Nickel plating is a common process, but there are two main methods of producing a thin layer of nickel on the surface of a metallic object. The first is to use a traditional electroplating process whereby the parts to be plated are part of an electric circuit and form the cathodes. A rod of the plating metal is used as an anode. These are immersed into a bath of electrolyte commonly containing a salt of the metal to be plated. In the case of nickel plating, the salt used is Nickel Chloride. Quite often with electroplating, there are two or even three plating processes used for the best results, with an underlying electroplated layer of a different metal being used. The reason for this is to improve adhesion.
Quite often, most especially for high-strength steels, there is a serious disadvantage to electroplating, and that is the phenomenon of hydrogen embrittlement. Hydrogen gas is liberated at the surface of the cathode, i.e. the part to be plated, and this rapidly diffuses into the surface of the part, causing it to become brittle. This can be overcome by the use of a low-temperature post-plating heat treatment process which reverses the process of hydrogen diffusion into the surface layers. As an unqualified engineer some years ago, I was unaware of hydrogen embrittlement, and decided to send some motorcycle parts to be made pretty with zinc. I was soon to discover the error of my ways when my side-stand spring broke very soon afterwards. The same mistake is very often made on a much more grand scale.

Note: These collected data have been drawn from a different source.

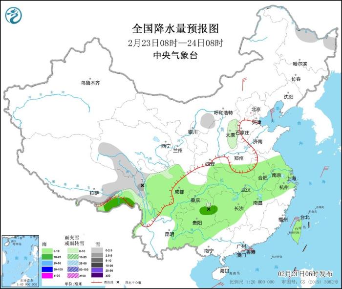 2月23日08時至24日08時,西藏東部、青海南部、山西東部、黑龍江北部等地部分地區(qū)有小到中雪或雨夾雪,西藏東部等地局地有大雪。西南地區(qū)東部、江南西部和北部、江漢、江淮等地部分地區(qū)有小雨。內蒙古中部等地部分地區(qū)有4~5級風。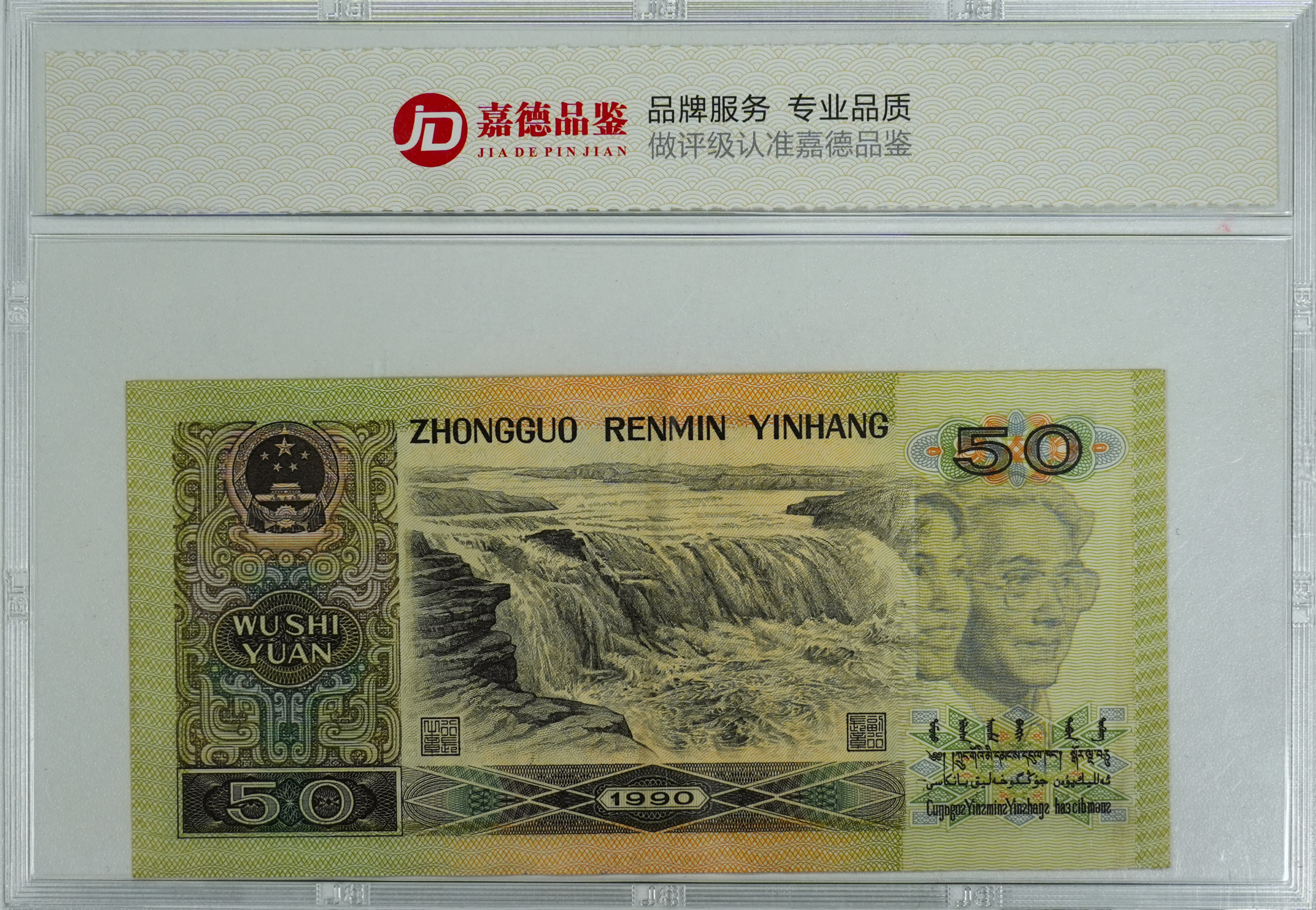 此为1990年版伍拾圆纸币的背面,主景图案为雄伟壮观的黄河壶口瀑布图,底部印有“1990”年号。封装壳上的“嘉德品鉴 品牌服务 专业品质”字样,体现了其经过专业评级的品质保障。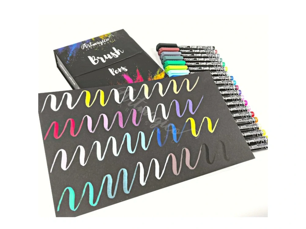 Artmagico Brush pens - spojují výhody dvou malířských nástrojů - fixů a štětce. Brush peny jsou fixy s hrotem, který je podobný štětci. Takový hrot je vysoce přizpůsobivý a zvládnete díky němu vytvořit různé tloušťky linky. Linka se mění od tenké po širokou v závislosti na tlaku vyvíjeném na hrot. Dosáhnete tak snadno linky tloušťky od 1 do 3 mm. Brush peny jsou univerzálním nástrojem a využijete je při kaligrafii, letteringu, psaní, malování, scrapbookingu, ale také vybarvování. Sada obsahuje 20 perfektně krycích fixů. Jejich vlastnosti využijete jak na bílém, tak černém povrchu. Fixy jsou díky svému inkoustu použitelné na všechny povrchy - černý i bílý papír, kámen, plast, železo, dřevo a další. Při použití na neporézní povrch je potřeba nechat inkoust řádně zaschnout a následně zalakovat.

The second method of plating with nickel is known as electroless nickel plating, and as the name suggests, it does not rely on an applied electric current, but is a chemical reaction. It has an advantage in that the parts to be plated do not need to be electrically conductive, and so the process can be used on polymers, composites and ceramics etc. It is quite widely used to produce prototype representations of metallic parts by plating something made from polymer castings or parts produced by rapid prototype methods. Parts treated with electroless nickel platings have been known to suffer from hydrogen embrittlement and so for cyclically stressed parts, we need to take the same precautions as we would for parts using an electroplating process. The post-plate heat treatment is considered to improve adhesion of electroless nickel; the reason for this is felt to be reduction of internal stresses within the deposited nickel. It is possible to heat-treat the nickel plating to produce a very hard surface, but you must be careful that the heat-treatment does not otherwise compromise the existing material, i.e. by temper-softening it.
There are a number of variations on electroless nickel, and some coatings which are described as 'composite' coatings. These don't refer to the substrate, but to the face that it is possible to have embedded in the nickel matrix particles of other materials. There are a number of electroless nickel treatments which have additions of PTFE (Teflon) added for lower friction and several with ceramic particulate reinforcements, such as zirconia and silicon carbide. Although probably very expensive, electroless nickel composite platings containing industrial diamonds show good promise as wear resistant coatings. The accompanying picture shows the microstructure of an electroless nickel composite containing diamond.
Fig. 1 - Microstructure of an electroless nickel composite containing diamond.